# What you are asked to do
Please retype the entries below exactly, only from their first line through the line containing "10月22日,正在与REal", leaving every picture out.

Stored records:
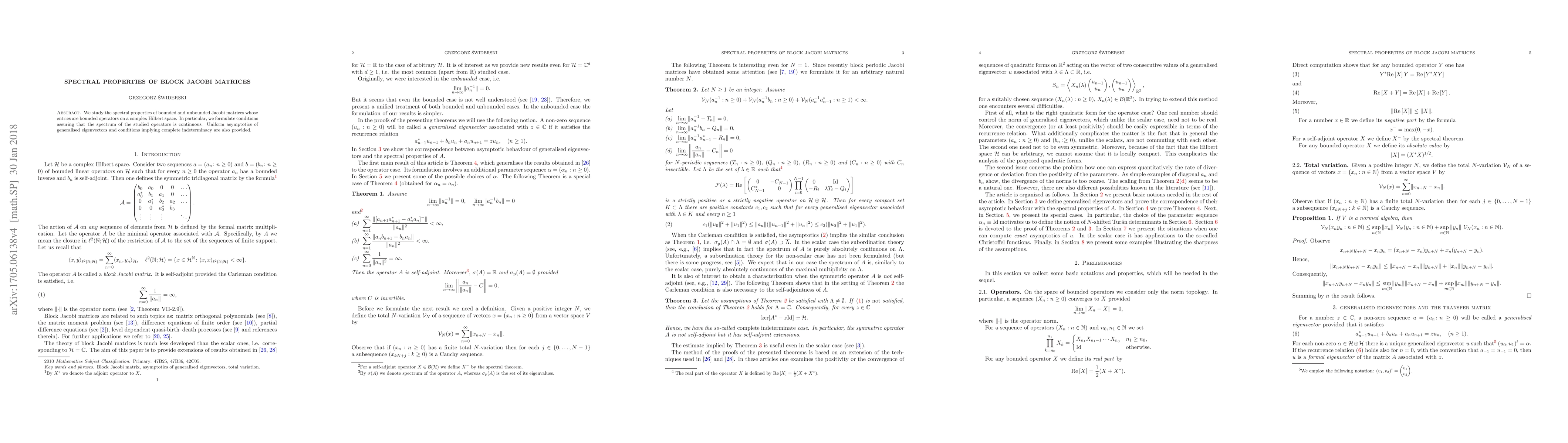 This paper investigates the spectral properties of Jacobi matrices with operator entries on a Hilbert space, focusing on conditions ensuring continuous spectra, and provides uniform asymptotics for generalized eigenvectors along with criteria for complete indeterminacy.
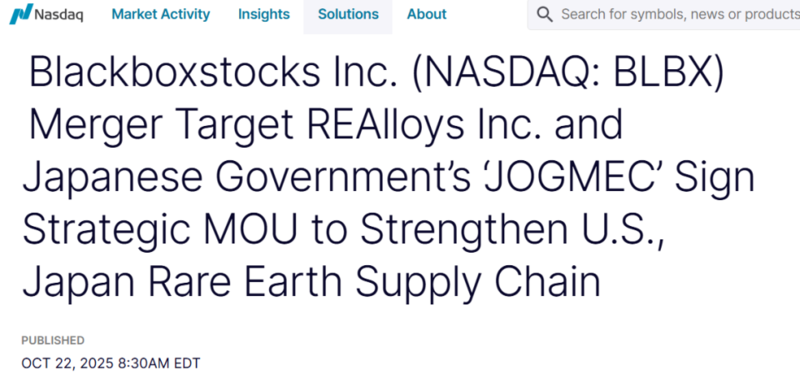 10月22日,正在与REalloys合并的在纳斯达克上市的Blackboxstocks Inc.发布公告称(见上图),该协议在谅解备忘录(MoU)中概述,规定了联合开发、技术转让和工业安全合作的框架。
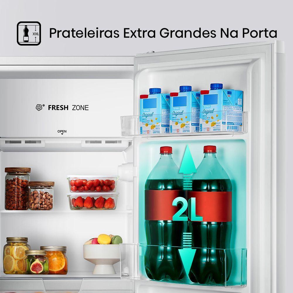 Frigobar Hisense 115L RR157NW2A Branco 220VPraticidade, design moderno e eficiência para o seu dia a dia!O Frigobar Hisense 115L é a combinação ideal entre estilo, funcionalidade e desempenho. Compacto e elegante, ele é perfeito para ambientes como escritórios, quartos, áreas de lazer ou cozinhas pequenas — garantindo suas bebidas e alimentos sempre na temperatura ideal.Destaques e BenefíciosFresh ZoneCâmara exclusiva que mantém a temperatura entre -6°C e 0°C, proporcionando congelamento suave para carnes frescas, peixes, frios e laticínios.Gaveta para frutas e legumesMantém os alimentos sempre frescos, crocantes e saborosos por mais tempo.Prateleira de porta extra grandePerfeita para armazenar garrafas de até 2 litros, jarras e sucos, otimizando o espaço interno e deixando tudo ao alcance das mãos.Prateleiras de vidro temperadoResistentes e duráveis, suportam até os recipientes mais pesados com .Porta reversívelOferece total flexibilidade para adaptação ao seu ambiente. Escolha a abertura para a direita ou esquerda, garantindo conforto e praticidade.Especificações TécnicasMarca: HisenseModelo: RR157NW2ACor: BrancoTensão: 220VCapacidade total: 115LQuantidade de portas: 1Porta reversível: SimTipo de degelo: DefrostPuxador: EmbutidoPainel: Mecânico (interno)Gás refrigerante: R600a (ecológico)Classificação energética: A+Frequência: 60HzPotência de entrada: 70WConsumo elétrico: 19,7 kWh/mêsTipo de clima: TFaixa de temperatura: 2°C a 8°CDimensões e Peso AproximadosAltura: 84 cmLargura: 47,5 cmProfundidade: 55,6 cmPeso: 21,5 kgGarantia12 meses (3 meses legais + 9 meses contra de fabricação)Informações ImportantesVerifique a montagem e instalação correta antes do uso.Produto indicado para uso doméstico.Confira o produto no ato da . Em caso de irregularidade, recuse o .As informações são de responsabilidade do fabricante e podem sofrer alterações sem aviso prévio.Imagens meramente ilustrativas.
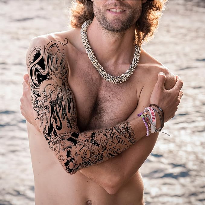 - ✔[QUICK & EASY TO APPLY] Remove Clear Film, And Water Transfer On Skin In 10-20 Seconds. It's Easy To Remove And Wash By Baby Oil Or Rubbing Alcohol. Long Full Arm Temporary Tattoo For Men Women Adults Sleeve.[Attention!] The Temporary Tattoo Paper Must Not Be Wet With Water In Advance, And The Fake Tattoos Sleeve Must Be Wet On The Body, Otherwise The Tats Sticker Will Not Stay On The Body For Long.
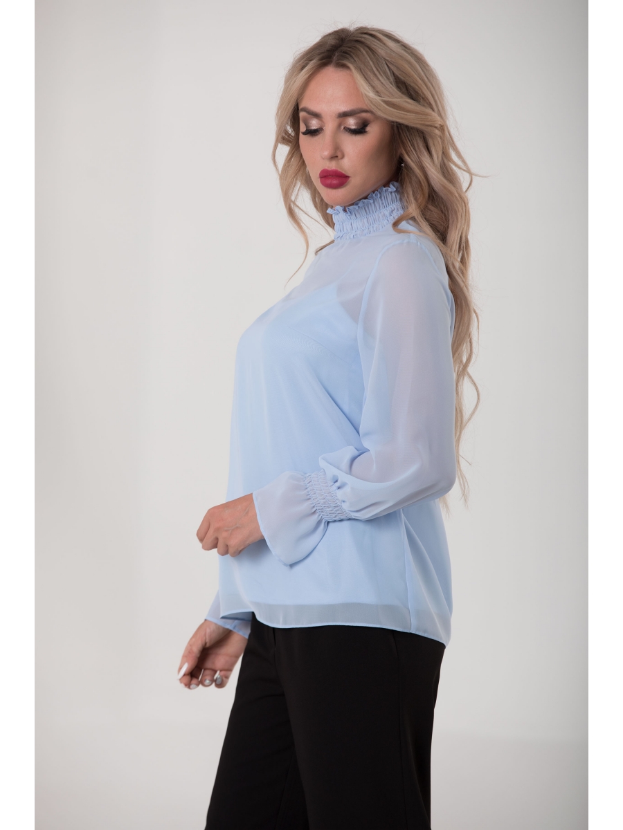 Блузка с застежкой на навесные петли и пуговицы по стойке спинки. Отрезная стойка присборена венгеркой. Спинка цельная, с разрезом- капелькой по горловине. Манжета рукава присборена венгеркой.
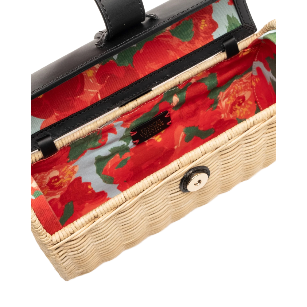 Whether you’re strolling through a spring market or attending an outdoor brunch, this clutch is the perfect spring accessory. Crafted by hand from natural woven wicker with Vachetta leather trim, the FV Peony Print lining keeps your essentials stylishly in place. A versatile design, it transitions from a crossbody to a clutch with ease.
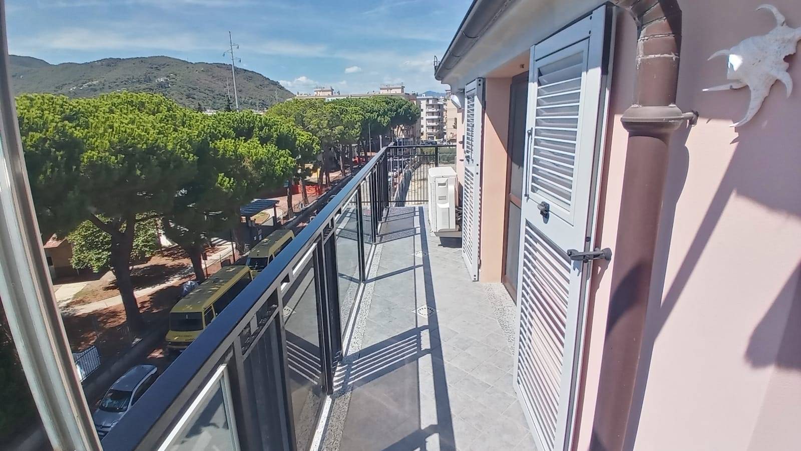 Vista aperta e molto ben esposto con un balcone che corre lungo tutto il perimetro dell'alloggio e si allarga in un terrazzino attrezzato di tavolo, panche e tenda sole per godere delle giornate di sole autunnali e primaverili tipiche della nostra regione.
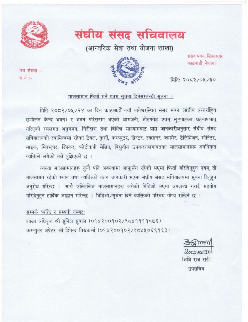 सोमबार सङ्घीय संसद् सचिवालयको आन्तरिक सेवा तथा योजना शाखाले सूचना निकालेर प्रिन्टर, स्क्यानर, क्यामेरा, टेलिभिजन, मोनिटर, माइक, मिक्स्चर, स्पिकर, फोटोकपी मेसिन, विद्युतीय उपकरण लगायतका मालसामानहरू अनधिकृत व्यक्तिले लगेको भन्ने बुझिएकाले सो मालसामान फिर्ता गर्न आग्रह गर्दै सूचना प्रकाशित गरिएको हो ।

# Output
 This paper investigates the spectral properties of Jacobi matrices with operator entries on a Hilbert space, focusing on conditions ensuring continuous spectra, and provides uniform asymptotics for generalized eigenvectors along with criteria for complete indeterminacy.
 10月22日,正在与REalloys合并的在纳斯达克上市的Blackboxstocks Inc.发布公告称(见上图),该协议在谅解备忘录(MoU)中概述,规定了联合开发、技术转让和工业安全合作的框架。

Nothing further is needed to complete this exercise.